Page MenuHomePhabricator

Memory test failure on elastic1021
Closed, ResolvedPublic

Description

While rebooting the elasticsearch eqiad cluster, elastic1021 failed to come back up with the following message:

Error: Memory initialization warning detected.
MEMBIST Memory Test failure DIMM A3

@Cmjohnson: could you have a look (and probably change that RAM)?

Related Objects

Event Timeline

Gehel created this task.Mar 1 2018, 8:04 AM
Restricted Application added a project: Operations. · View Herald TranscriptMar 1 2018, 8:04 AM
Restricted Application added a subscriber: Aklapper. · View Herald Transcript

Mentioned in SAL (#wikimedia-operations) [2018-03-01T08:20:48Z] <gehel> banning elastic1021 from cluster (failed memory) - T188595

MoritzMuehlenhoff triaged this task as Normal priority.Mar 1 2018, 9:32 AM

Swapped DIMM A3 to B2 to see if the error follows the DIMM. Powered on

The error did follow the DIMM, The server is out of warranty but I will see if I can snag a similar DIMM from a decommissioned server.

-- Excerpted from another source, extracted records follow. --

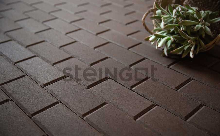 Плитка тротуарная Steingot Моно, Прямоугольник, фаска 5x5, темно-коричневый, 200x100x60 мм
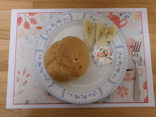 「バナナが食べたい!!」の“ひとこと”から始まった・・。“希望の森特製おやつプレート”への大変身・・・。
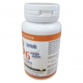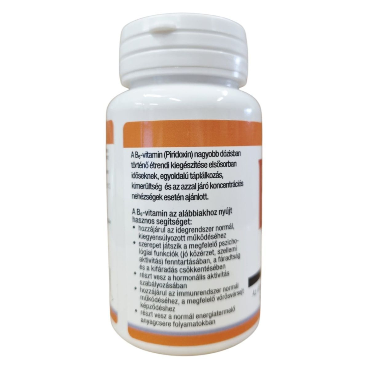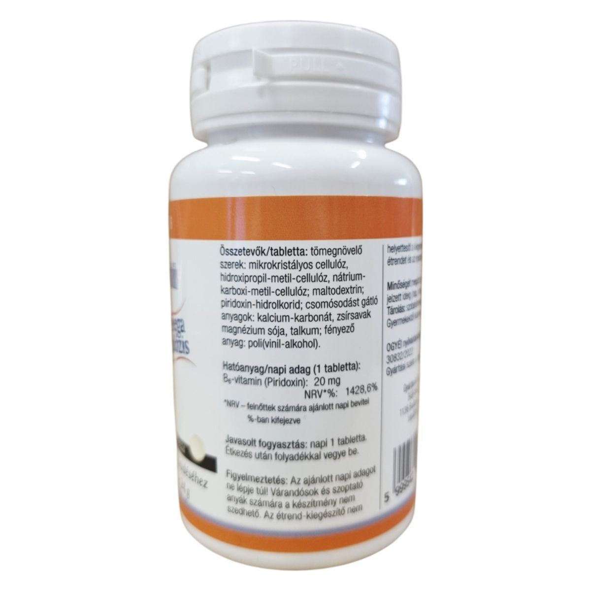 A B6 mega dózis VITAMIN étrend-kiegészítő tabletta a B6-vitamin nagy dózisú pótlását biztosíthatja, amely különösen idősek, egyoldalú táplálkozás, kimerültség és az azzal járó koncentrációs nehézségek esetén lehet hasznos. A B6-vitamin hozzájárulhat az idegrendszer normál, kiegyensúlyozott működéséhez, a pszichológiai funkciók fenntartásához, a fáradtság csökkentéséhez, valamint az immunrendszer és a hormonális aktivitás szabályozásához. A termék 60 tablettát tartalmaz, és a napi ajánlott mennyiség egy tabletta, amelyet étkezés után, folyadékkal kell bevenni.

I do not have anything that size as a spare. @RobH and @faidon will need to comment on buying a new DIMM.

Current DIMM is Samsung 16GB 2Rx4PC3L-12800R-11-12-E2-D4

RobH mentioned this in Unknown Object (Task).Mar 8 2018, 4:59 PM

The decision is to not replace this out of warranty RAM. We'll run with 3% less capacity until this batch of servers is renewed (in ~ 1year).

@Gehel do you want to decommission this server then?

RobH closed subtask Unknown Object (Task) as Declined.Mar 14 2018, 7:11 PM
RobH closed this task as Resolved.Mar 14 2018, 7:17 PM
RobH claimed this task.

Discussion on T189223 resulted in the decision to decommission elastic1021. I've created T189727 listing the decom process/steps. I'm going to close this task as resolved, since we're decommissioning the host.